Letter: Dietary advice to seniors wrong way around

…farmers feed skim milk and grains to their livestock to make them fat.

To the editor:

Re: My comments on outdated views on fats and cholesterol expressed by columnist Bobbi Kittle (Deciphering Between Healthy and Unhealthy Fats, Capital News, Feb. 18).

The information in the Fitness for Seniors column was based on outdated views that have never been proven to be true.  
The column states that “high-fat diet is associated with obesity, cardiovascular disease, diabetes and some types of cancer.”  Studies done 40 years ago did show an association, but these were observational studies that could not show cause and effect.
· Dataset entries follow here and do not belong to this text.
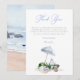 Définissez le ton d'une fête de mariage élégante et de rêve avec cette carte de remerciement pour pique-nique sur la plage inspirée de la côte. Avec une délicate illustration à l'aquarelle d'un cadre côtier avec un parasol chic, une table de pique-nique et des tons bleus doux, ce design sophistiqué et moderne est parfait pour une fête de mariage sur la plage, une célébration de destination ou une fête de jardin en plein air. La typographie script ajoute une touche d'élégance intemporelle, tandis que l'esthétique neutre complète une variété de thèmes, du bohème au minimaliste, du luxe au classique.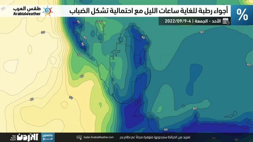 During the night hours, the weather is relatively hot with a noticeable rise in surface humidity, and the opportunity is created with the dawn and early morning hours to form fog and light fog in parts of Qatar, especially the southern ones, and the winds will be easterly light to moderate in speed.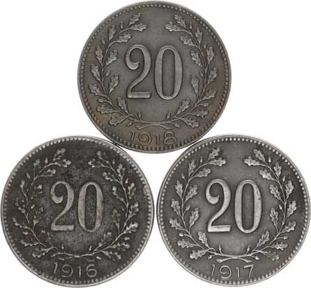 | 2010. | 20 hal. 1916, 1917, 1918 vše b.zn. - Fe 3 ks | 0-1 | 150,- | --.- |

So although they showed high fat diets were correlated with cardiovascular disease in some studies, they did not show that high fat diets caused obesity and heart disease.  
Since the 1970s many randomized control trials have been done comparing low fat diets to low carb/high fat diets.  These types of studies have more power to show cause and effect compared to observational studies.  In virtually every one of these trials the high fat diets resulted in not only more weight loss, but larger reductions in cardiovascular risk factors. (1)(2)

The column states that saturated fats are “bad fats” because they increase your risk of disease and elevate cholesterol.  This is another hypothesis that was popular in the 1980s but has since been refuted by the scientific literature.  A Meta analysis published in the American Journal of Clinical Nutrition in 2010 found that “there is no significant evidence for concluding that dietary saturated fat is associated with an increased risk of CHD or CVD.” (3)
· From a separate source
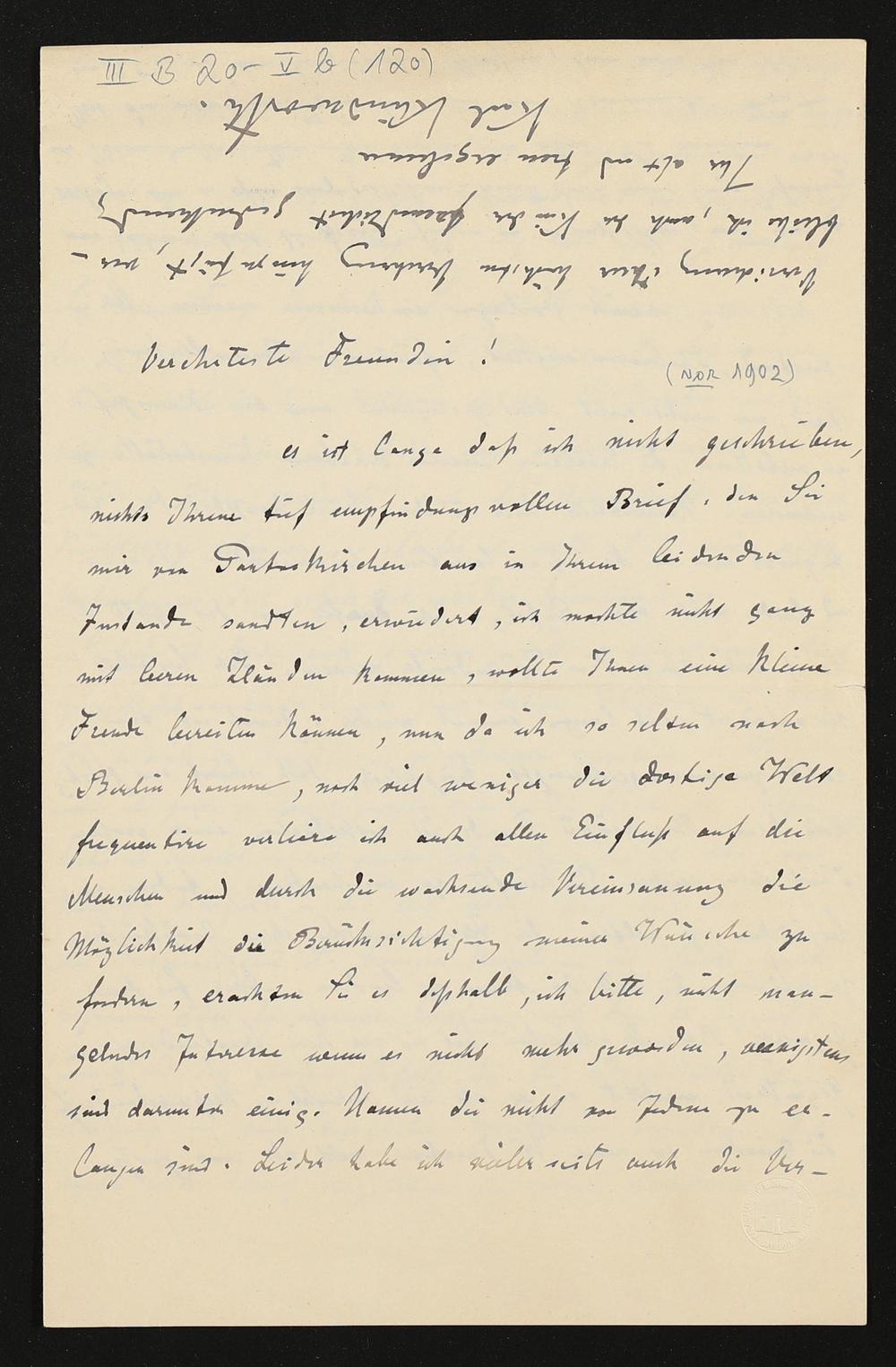 eigenhändiger Brief von Karl Klindworth an Cosima Wagner

High cholesterol has been thought to cause heart disease but a study of over 200,000 people admitted to hospital with coronary artery disease showed that over half of those admitted had normal or low cholesterol. (4)
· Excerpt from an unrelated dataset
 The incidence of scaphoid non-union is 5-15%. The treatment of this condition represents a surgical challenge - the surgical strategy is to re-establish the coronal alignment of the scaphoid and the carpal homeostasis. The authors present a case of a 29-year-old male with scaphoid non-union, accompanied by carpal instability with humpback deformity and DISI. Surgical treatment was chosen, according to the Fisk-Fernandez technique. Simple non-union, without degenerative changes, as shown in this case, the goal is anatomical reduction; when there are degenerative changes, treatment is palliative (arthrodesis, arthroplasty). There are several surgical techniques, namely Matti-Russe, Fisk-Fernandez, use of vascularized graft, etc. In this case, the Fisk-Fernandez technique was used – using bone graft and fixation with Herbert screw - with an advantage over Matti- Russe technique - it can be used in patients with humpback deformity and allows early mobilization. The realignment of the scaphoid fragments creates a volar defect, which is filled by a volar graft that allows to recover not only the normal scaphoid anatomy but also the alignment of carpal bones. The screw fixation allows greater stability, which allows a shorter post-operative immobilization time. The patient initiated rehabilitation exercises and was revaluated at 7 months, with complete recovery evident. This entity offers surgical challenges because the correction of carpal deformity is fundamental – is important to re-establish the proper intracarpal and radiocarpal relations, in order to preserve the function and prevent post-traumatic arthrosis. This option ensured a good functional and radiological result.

Other studies have shown low cholesterol is associated with an increased risk of death from some cancers and suicide. (5)

The column recommends low fat or no fat dairy.  Many people think full fat dairy contributes to obesity but this is has not been shown to be true.  A study published in 2013 concluded: “The observational evidence does not support the hypothesis that dairy fat or high-fat dairy foods contribute to obesity or cardio metabolic risk, and suggests that high-fat dairy consumption within typical dietary patterns is inversely associated with obesity risk.” (6)

Other outdated advice was given to substitute polyunsaturated vegetable oils for saturated fats like butter. The Sydney Diet Heart Study was conducted in the 1970s.  In the study the experimental group reduced their saturated fat intake and instead ate more polyunsaturated vegetable oil (omega-6 linoleic acid). The results showed “that the omega-6 linoleic acid group had a higher risk of death from all causes, as well as from cardiovascular disease and coronary heart disease, compared with the control group.” (7)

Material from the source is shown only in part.